IPercept Technology, a spin-off from Sweden’sKTH Royal Institute of Technology in Sweden, has reinvented how maintenance and operational improvement can be performed for complex industrial machines. The company is one of the select scale-ups that pitched to attendees of the Sweden.eu Deep Tech Entrepreneurship conference in Stockholm June 1st and 2nd.
“Think of us as an AI-enabled fitness tracker for heavy industry machinery,” says CEO and co-founder Karoly Szipka, PhD. He and his colleague KTH Professor Andreas Archenti, founded the company in 2019 and commercialized the solution in 2021. The company uses a combination of IoT and AI to avoid expensive breakdowns of the machines that serve as the backbone of manufacturing in sectors such as aerospace, automotive and mining.
While predictive maintenance solutions that focus on attaching sensors to simple machines have been around since the 1970s IPercept targets complete and complex machines that can’t use one-size-fits all approaches. The Swedish startup focuses on production machines used for metal cuttin and forming, industrial robots and industrial cranes.
“We are coming at this from a mechatronicsengineering perspective and then adding in data science,” he says, helping to ensure that customers are served up the right data.
IPercept’s devices are tailored to the needs of specialized machines and can be installed under an hour by the customers themselves . Data is sent to the Cloud where AI built on domain knowledge is used to provide actionable insights via a user-friendly dashboard. Whereas traditional solutions require one sensor per component, IPercept’s technology uses only one sensor per mechanical system or machine. The IPercept sensing device, which is about the size of a deck of cards, can detect and identify micrometer-sized mechanical degradation that could lead to bigger problems or complete system shut-downs.
Szipka says that nearly half of Sweden’s largest manufacturing companies are currently using its products “and within a year we expect to work with nearly all of them.”
Competitors include large traditional industrial measurement companies. Tools offered by these companies are highly manual, require high levels of training, long machine downtime to carry out tests and aren’t scalable, says Szipka. For that reason, manufacturers usually do only two inspections per year. I Percept’s solution allows quick and automated testing every week without special training, he says.

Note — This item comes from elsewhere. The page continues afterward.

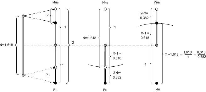 Один отрезок становится верхним и белым, а второй – нижним и черным. Инь и Ян смешиваются в пропорции Золотого сечения. Такой же результат можно получить, взяв отрезок длиной два и отсекая циркулем сначала снизу, а потом сверху диаметр равный «Фи» = 1.618…
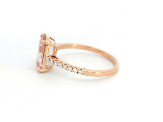 18K Rose Gold Morganite and Diamond Ring | 1.94ct Elongated Cushion Cut Morganite

IPercept received support from KTH Innovation on applying for patents, market verification, prototyping, writing its business plan, developing its go-to-market sales strategy and with grant applications, said Szipka. The company has received several grants from the Swedish government and has raised private capital to accelerate the roll out of its innovation.
Lisa Ericsson, the founder and head of KTH Innovation, was a speaker on a panel about new models of collaboration moderated by The Innovator’s Editor-in-Chief. KTH is experimenting with new ways of working with startups and Ericsson says she believes Europe’s universities can and should play a bigger role in the Continent’s deep tech ecosystem.